During transportation, trucks are overloaded. While permit for transportation is for six-wheel vehicles, it usually takes place on 10 or 12 wheel vehicles. While, there have been instances of people selling adulterated sand, numerous illegal sand mines, guarded by dangerous cartels, have cropped up in almost every district where sand mining takes place.

Sand expensive in Bengaluru

The Dakshina Kannada district administration has fixed the price of sand at Rs 4,500 per one load. However, by the time it reaches places like Bengaluru the cost has escalated by almost eight times.

Those in the business claim that transportation charges are high.

Damaging the eco-system

Unscientific mining for construction material has had an adverse impact on major rivers and their surrounding ecology in the state. Unchecked mining in rivers such as Cauvery, Kapila and Suvarnavathi has reduced groundwater availability. Even areas that come under the Coastal Regulation Zone (CRZ) have not been spared. Last Year, National Environment Care Federation (NECF) convener Shashidhar Shetty released documents stating illegal sand mining in coastal Karnataka was a multi-crore scam of more than Rs 850 crore per annum.

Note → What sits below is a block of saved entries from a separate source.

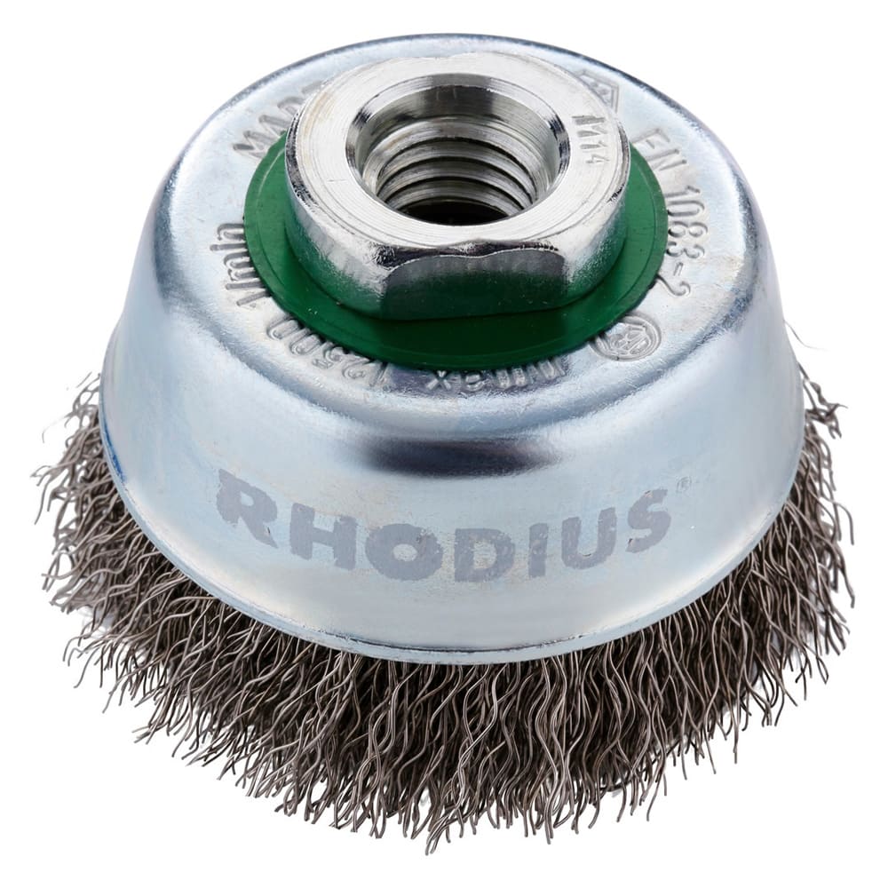 Diese RHODIUS Topfbürste für Edelstahl eignet sich optimal für die Bearbeitung von rost- und säurebeständigen Stählen, hochfesten bzw. hochlegierten Stählen, Baustählen, Werkzeugstählen, gehärteten Stählen und hochfesten Blechen.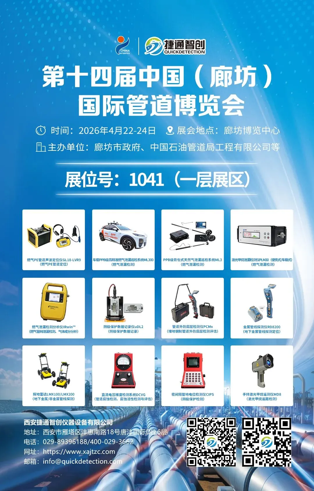 西安捷通智创公司作为一家长期从事于地下管线探测检测仪器设备的研发、生产、销售、维修及相关工程技术服务的专业化公司,是探管者品牌GL系列智能燃气PE管道定位仪的研制生产单位。除了自主研发生产一系列燃气PE管道声波定位仪和PPB级高精准燃气泄漏巡检系统(车载及背包式)及激光甲烷泄漏检测仪产品外,同时也是英国雷迪、英国DCVG公司、加拿大摩比特公司(Mobiltex)、德国英福康公司、加拿大SSI公司、千寻位置等行业知名厂家中国区域授权代理。作为埋地燃气管道完整性检测与安全运行一站式解决方案提供商,公司将会展出地下管线探测定位仪器、燃气泄漏检测分析仪器、激光甲烷泄漏检测仪器、埋地管道防腐检测仪器、管道阴极保护检测仪器、杂散电流检测仪器、测绘仪器等众多仪器。当全球的目光聚焦于油气管道建设这一潜力无限的领域时,第十四届中国(廊坊)国际管道博览会将成为行业内最耀眼的舞台,公司诚邀您4月22-24日相约于廊坊博览中心1041(一层展区)展位,共襄盛举!
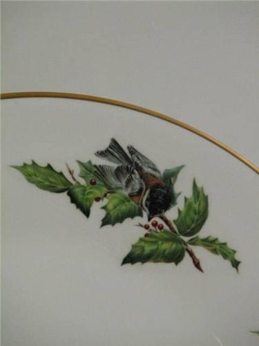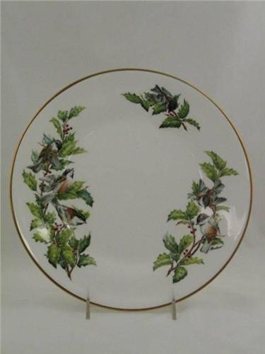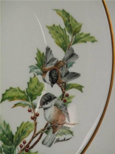Boehm Chickadees and Holly Decorator Plate with gilt edge. Signed on Front: "Boehm". Marked on Back: Boehm Chickadees and Holly, Fine Bone Porcelain, Made in England". Excellent Condition. Dimensions: 10.75"D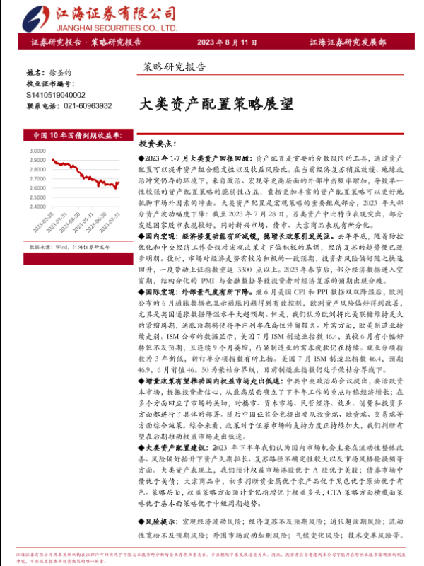 【江海证券】【20230811】大类资产配置策略展望-16页

The outfit also released a 300-page document with a sting video on illegal mining taking place in undivided Dakshina Kannada.

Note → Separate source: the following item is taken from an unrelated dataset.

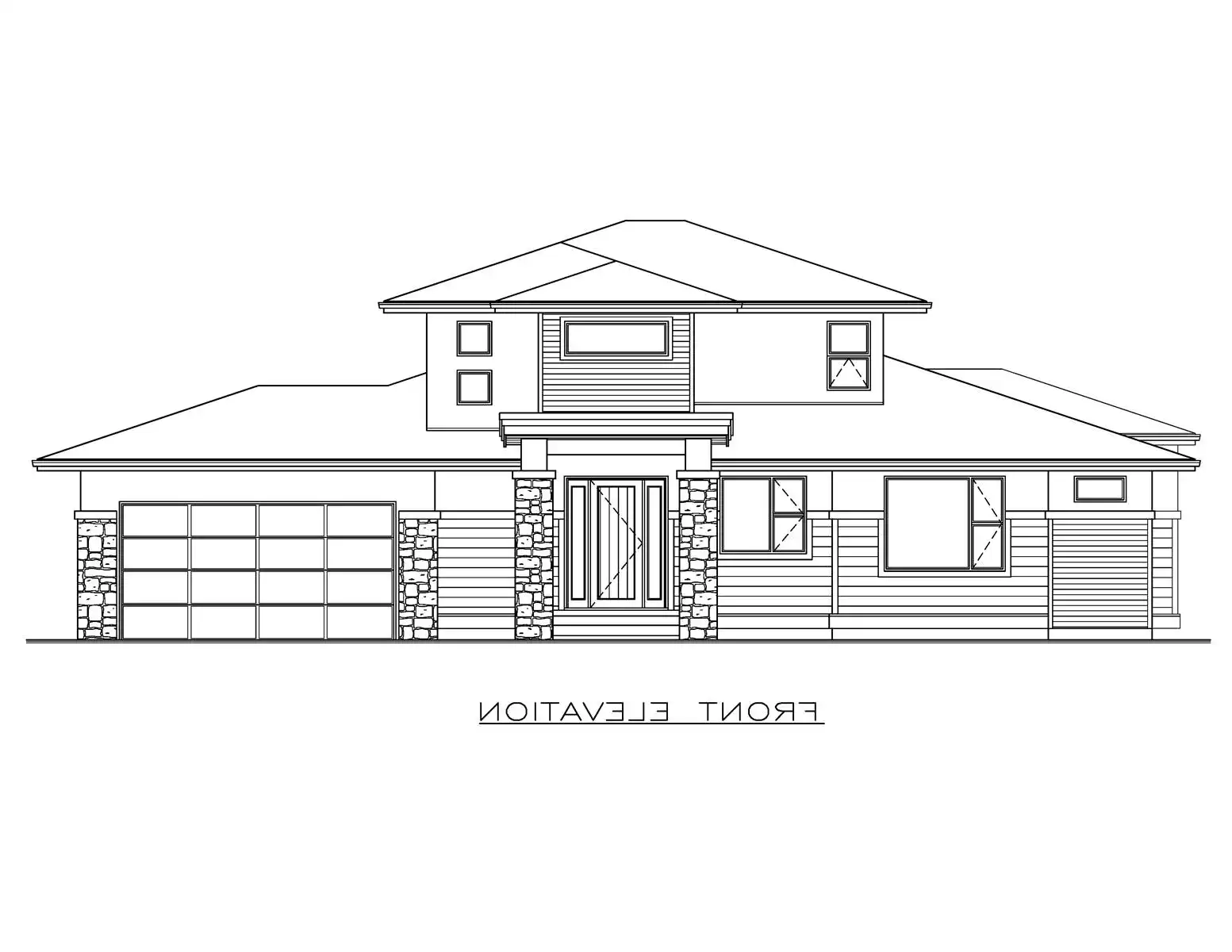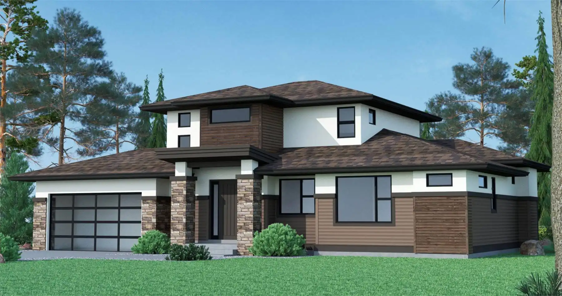 House Plan 10248 offers a smart and flexible design with 1,423 square feet of main living space located on the upper floor. The open-concept great room features a tray ceiling, cozy gas fireplace, and access to a glass-railed balcony overlooking the front garden, while the dining room flows onto a back patio for easy outdoor entertaining. The kitchen is designed for convenience with a corner pantry, ample counter space, and a central island with a double sink for effortless conversation while cooking. The private master suite is set at the rear with a walk-in closet and an ensuite featuring double sinks and a shower, while two secondary bedrooms share a three-piece bath at the front of the home. A laundry room, broom closet, and linen storage are all within easy reach. On the ground floor, a versatile den with a closet can serve as a guest bedroom, and a future two-bedroom secondary suite offers excellent potential for rental income or multi-generational living. Stone accents, wood detailing, and a mix of shingle and metal roofing add character and curb appeal to House Plan 10248.

During his year-long operation, Shetty found that machines like earthmovers, dredgers or mechanised boats were being used during sand mining. Although mining is not allowed within 500 metres of bridges, they noticed workers extracting sand from river beds near bridges on national highways at Nethravati, Basrur, Malavoor and other places.

However, the government is sitting on the submitted report.

He received no response even after submitting a DVD containing documents and videos of illegal sand mining to public officials, including the Prime Minister, Union ministers, NGT, police department heads and National Human Rights Commission.

He said, “Illegal sand mining has destroyed even mangrove islands at several spots in undivided Dakshina Kannada district. Though sand mining ban should be in place for four months from June 1 to facilitate the breeding of micro-organisms, the ban period has been reduced to two months unscientifically. We have seen how the rivers of Kolar and Chikkaballapur have been destroyed completely. Sand plays a major role in controlling the ground water table. In case this is not controlled, the salt water will mix with the river water and when there is no water for drinking no mafia will come to the rescue of the people. It is sad that nobody understands the gravity of the situation. While we condemn the attack on the Udupi DC, spare a thought to the environmentalists too. Think of the kind of threat we are facing for taking on them.”

Ravi Krishna Reddy, president Lancha Mukta Karnataka Nirman Vedike, said the sand mafia was prevalent across Karnataka and politicians, district administration, revenue department and police department are benefiting from the scam.

Recently, the Andhra government launched a rational sand policy. In Karnataka something like that has not happened.

Administration on the run

Deputy commissioner has narrow escape in Kalaburagi

Recently, Kalaburagi deputy commissioner Ujjwal Kumar Ghosh had a narrow escape when a lorry carrying illegally mined sand almost collided with his car at Dandoti village in Chittapur taluk. It was reported that the officer had received a tip-off on illegal mining on the banks of Kagina River near Dandoti village. He went there at about 2 am along with Sedam assistant commissioner Bhimashankar and his gunmen. They saw that sand was being extracted from Kagina river with excavators and being loaded on to tippers. The sand mafia, which noticed the officers vehicles wanted to flee from the scene. The gunmen shouted at the drivers to stop the vehicles but they drove their vehicles rashly and a vehicle was about to hit the DC’s car but he was lucky that his driver immediately took the car to the side and avoided being hit. Ghosh clarified that it was an incident of rash driving. He has sought for a report on the sand mining in the region.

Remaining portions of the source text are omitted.